Prashant Kothari: But the 100 basis points, is it like an accumulation of impact of several quarters in this one quarter, or this is just pertaining to this quarter alone?
Jayesh Sanghrajka: Yes, when you renegotiate a contract, you will have one-time impact on that coming from that, right, if it is a fixed-price contract. So, when you renegotiate, that is likely to happen irrespective of whether it is accumulated or not amount.
Prashant Kothari: Okay. Understood. And the – second question was on your margin kind of trajectory. I mean when you joined in, the margin used to be like a band of 23 to 25. I think it was low to 22 to 24 soon after you joined. And now we are operating in a band of 20 to 22. I just want to understand, like, what has been – I mean, is it a function of the large deals that have gone up a lot in our business mix or something else?
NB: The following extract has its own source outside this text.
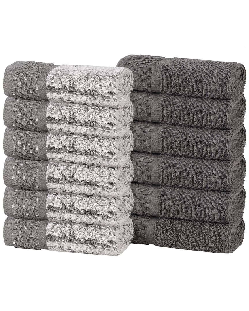 SUPERIOR Set Of 12 Lodie Cotton Plush Jacquard Solid & Two-toned Washcloths In Gray

Just kind of looking from that point to – today, what is changing the business complexion, which is leading to this lower margin, obviously, lower number of years, not just overnight?
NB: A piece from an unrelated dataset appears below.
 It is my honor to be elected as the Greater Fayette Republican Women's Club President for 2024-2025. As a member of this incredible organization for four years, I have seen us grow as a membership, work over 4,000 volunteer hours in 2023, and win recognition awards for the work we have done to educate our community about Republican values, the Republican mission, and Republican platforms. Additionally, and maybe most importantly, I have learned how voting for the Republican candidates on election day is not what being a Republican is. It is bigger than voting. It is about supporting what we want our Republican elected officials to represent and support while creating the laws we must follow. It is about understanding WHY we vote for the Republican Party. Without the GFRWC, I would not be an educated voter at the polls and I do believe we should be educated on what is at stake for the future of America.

Jayesh Sanghrajka: I think, Prashant, there are a number of factors on that, right? There are – I mean, there is – when we had an elevated level of attrition as well as elevated level of demand, we had to hire employees, you know, at a premium from the market. Demand supply equation had changed in the last two quarters. So, that was one factor even during the high-growth environment. The other factors are, you know, the business mix as well, the pricing pressure that we had on the core part of the business. So, I think there are multiple factors that have played over a longer tenure period that, you are talking about. I have been here for almost 11 years, so, I am assuming that you are talking about since I joined. But coming back to your questions in terms of, where we see, our endeavor is to grow margins from where we are today. We have said that in midterms we want to expand the margins from where we are. So, there is everything that we are doing to improve margins.
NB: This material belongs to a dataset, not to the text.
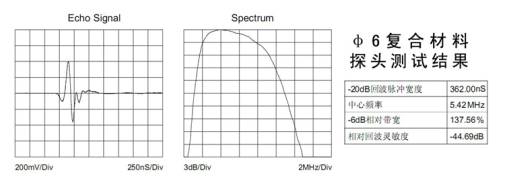 與基于傳統壓電陶瓷的探頭相比,1-3復合材料晶片探頭性能提升相當的明顯,具有靈敏度高、帶寬大、指向性好等特點,Kt達到了68%,對于相控陣探頭還能有效減小串擾。在工業領域,因為它的高帶寬特性,在粗晶材料的檢測和高精度測厚具有明顯的優勢,舉個例子說明一下:以奧氏體不銹鋼焊縫檢測為例,因為材料的聲衰減比普通鋼鐵大很多,探頭靈敏度的提高將帶來探傷余量的增加,更重要的是帶寬的提高增強了對低頻信號的檢測能力,因此能夠檢測到頻散后的低頻信號,從而檢測到缺陷。我們用復合材料制作的5MHz雙晶測厚探頭在靈敏度比普通壓電材料制作的探頭高3dB的前提下,-6dB帶寬還能夠達到134%,回波峰峰值-20dB時域脈沖寬度僅有360nS,從而達到高精度測厚的要求。另外其生產工藝也比傳統探頭更為先進,質量更有保障。

Prashant Kothari: All right. Okay. Thank you very much.
Operator: Thank you very much. Ladies and gentlemen, we will take that as our last question. I will now hand the conference over to the management for closing comments.
Salil Parekh: Thank you. So, thanks everyone for joining in. A few comments from my side. This is Salil. First, we are really excited. Our large deals were at $17.7 billion in the year, largest that it has been in any financial year. Very focused on cost efficiency consolidation with 90 deals overall. Second, we are doing incredible work in generative AI. We are really excited with the opportunities here. We are working across different areas of impact. One of the examples of 3 million lines of code that we have developed through generative AI, large language model is just amazing, amazing types of results we are seeing, at this early stage of the generative AI opportunity. Next, our margin program is working well. We are excited about it.
And we want to keep our focus on it, with a view to expand our margins over time. We are really excited about the acquisition we have done in engineering services. It is a phenomenal growth area. It is in a market we understand well. We are doing quite well in the European market. And it’s a space even within engineering services more narrowly in automotive, which looks really good. One of the things we didn’t talk maybe a lot about in the call, but I just want to highlight, is we had extremely strong cash generation at $2.9 billion for the full year. With all of that, we are really looking forward to delivering our growth and margin guidance for this coming year. And looking forward to more and more work that we see through all of these different activities.
Thank you all for joining us and catch you at the next quarter call.
Operator: Thank you very much. Ladies and gentlemen, on behalf of Infosys, that concludes this conference. Thank you for joining us and you may now disconnect your lines. Thank you.